Dünyadaki canlılar birbirlerine bağımlıdır. Yaşam karmaşık şekilde dokunmuş bir kumaşa benzer. Birkaç ipliği çekerseniz her şey eskisi gibi mi kalır yoksa bütün kumaş sökülür mü kimse bilemez.
Alev sanki başka bir dünyadan gelmiş gibidir. Ama kozmosun bu yakasında gerçekten de Dünya’ya özeldir. Güneş sistemimizdeki bütün gezegenler, aylar, asteroitler ve kuyruklu yıldızlar arasında yalnızca Dünya’da ateş bulunur, çünkü bolca oksijen bulunmaktadır. Ateş daha sonraları yaşam ve zeka ile ilgili büyük sonuçlar doğuracaktı. Bir şey daima başka bir şeye yol açar.
Eğer sonsuza kadar yaşasaydık, Adashino’nun çiyleri hiç kaybolmasaydı, eğer Toribeyama’nın üzerindeki krematoryumun dumanı hiç azalmasaydı, insanlar acıdan anlamazdı. Yaşamın güzelliği geçici olmasından ileri gelir. İnsanlar canlılar arasında en uzun yaşayanlardandır ve barış içerisinde yaşanmış bir sene bile oldukça uzun bir zaman gibi gelir. Ama aşk olunca Dünya’da bin sene bir rüya gibi geçip giderdi.
Yaşam savurgan ve kördür, bu seviyede adalet fikri ile ilgilenmez. Yığınları kaybetmek umurunda değildir.
İnsan gözüyle bakıldığında şempanzelerin sosyal hayatı pek çok açıdan kâbus gibi görünür. Ama aşırılıklarına rağmen rahatsız edici bir biçimde insan sosyal hayatıyla benzerlikler taşır. Erkek gruplarının yaşamında hiyerarşi, kavga, dövüş, savaş ve aşksız seks belirleyici rol oynar. Dominant erkeklerle uysal dişiler, entrikacı astlar, hiyerarşinin her basamağına egemen olan saygı açlığı, gelecekte sadakat temin etmek için bugün yapılan iyilikler, pek gizli kalmayan şiddet, koruma vaadi / ölüm tehdidi ve şantajla sekse zorlama, el sürülebilen yetişkin dişilerin cinsel açıdan sistematik istismarı vs. ile kralların, diktatörlerin, büyük patronların, bürokratların, gangsterlerin ve büyük adam olduğu düşünülen pek çok tarihsel kişiliğin hayat tarzı arasında benzerlikler görülecektir.

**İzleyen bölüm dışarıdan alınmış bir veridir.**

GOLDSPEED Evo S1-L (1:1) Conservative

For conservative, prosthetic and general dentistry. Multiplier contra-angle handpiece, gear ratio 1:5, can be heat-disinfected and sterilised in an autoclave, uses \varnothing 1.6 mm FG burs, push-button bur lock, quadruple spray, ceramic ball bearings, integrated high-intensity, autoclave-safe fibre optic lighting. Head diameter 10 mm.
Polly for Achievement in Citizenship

Bir sineğin ya da hamamböceğinin bilinçliliği hakkında sorular sorulduğunda pek çok bilimcinin asabı bozulur. Ama bazen (doğa tarafından kodlanmış) programları, (öz) farkındalıktan ayıran parçacıkların yalnızca ince değil ama neredeyse saydam olduğu gibi tüyler ürpertici bir duyguya kapılırsınız.

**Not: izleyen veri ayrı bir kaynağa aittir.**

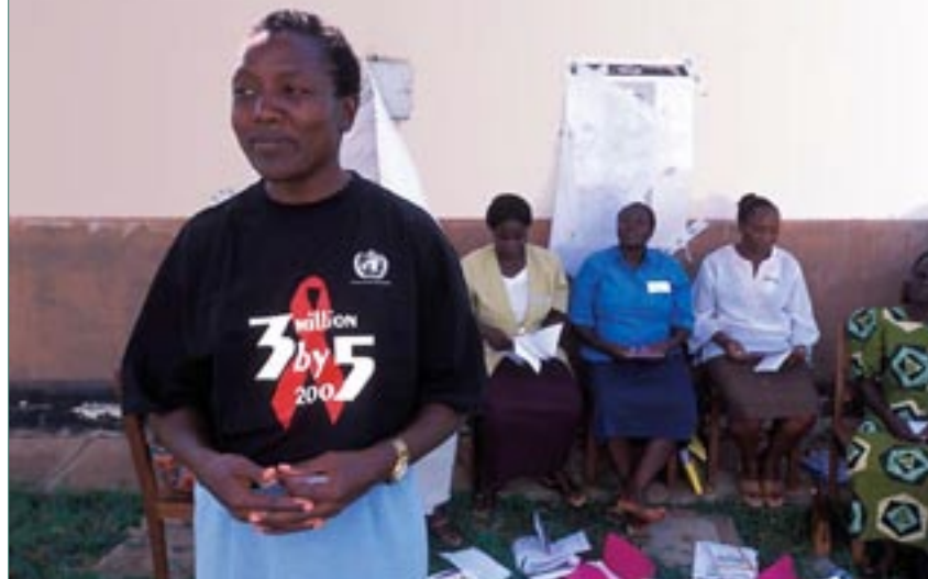
HIV-positive patients being trained in Uganda's Hoima district in 2004.

Hayvanlar yakın akrabaları için gerçek fedakârlıklar yapmak isteyebilir ama uzak akrabaları için fedakârlık yapmak istemeyeceklerdir. Şöyle düşünün: Çocuklarınızın aç, evsiz veya ölümcül bir hastalığın pençesinde olduğunu bile bile akşamları rahat rahat uyuyorsunuz. Böyle bir şey çoğumuz için mümkün değildir. Ama her gün kolaylıkla önlenebilecek bir neden olan açlıktan, ihmâlden ve hastalıktan dolayı kırk bin çocuk ölüyor. Birleşmiş Milletler’in kaynakları bu çocukları kurtarmak için yeterli. Hastalıklara karşı aşı yapılabilir ve çocukları doyurmak için günde bir kaç sent harcanabilir. Ama para bu tür bir kullanıma açık değildir. Önceliği ağır basan ihtiyaçlar vardır. Çocuklar ölmeye devam eder ve biz de rahat rahat uyuruz. Onlar uzaklardadır. Bizim çocuklarımız değillerdir. Şimdi akraba seçiliminin gerçekliğine inanmadığınızı söyleyebilirseniz, söyleyin.

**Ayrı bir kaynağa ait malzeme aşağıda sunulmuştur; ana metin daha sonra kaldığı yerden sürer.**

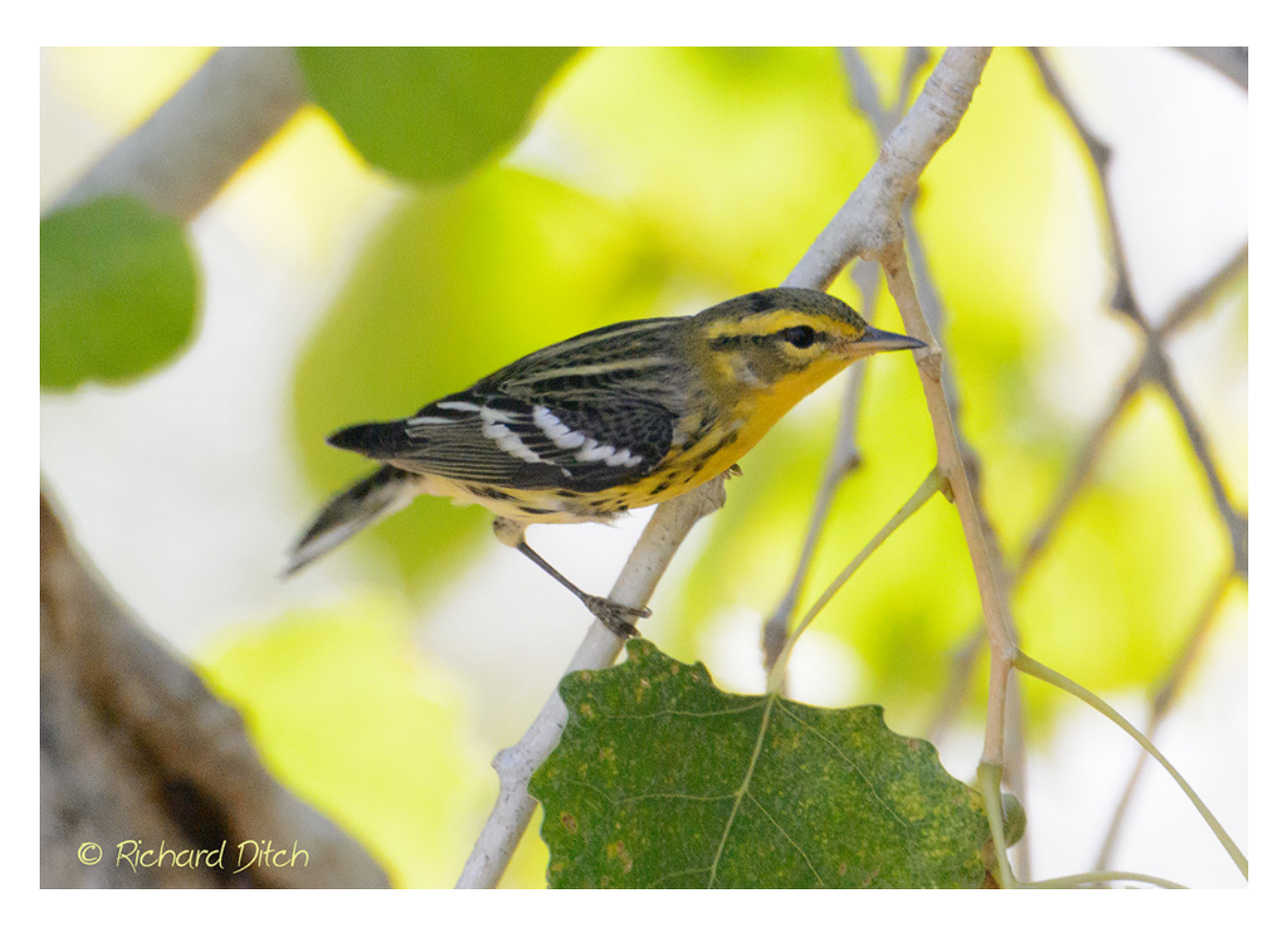
29\ September\ 2020,\ photo\ by\ Richard\ Ditch

Eskiden Evrenin Kralı idik; ama şimdi bizden, aşağının da aşağısı, çamurumsu, sümüksü, gözle görülemeyecek kadar küçük ve beyinsiz yaratıkların soyundan
geldiğimizi kabul etmemiz isteniyor.
Zaten bir zamanlar bir kız ve bir oğlandım, bir çalı ve bir kuştum ve denizde sessiz bir balıktım.

—Empedokles

Medeniyetin cilalı yüzeyi kaldırıldığında sanki bir şempanze dışarı çıkmaya çalışıyor gibidir.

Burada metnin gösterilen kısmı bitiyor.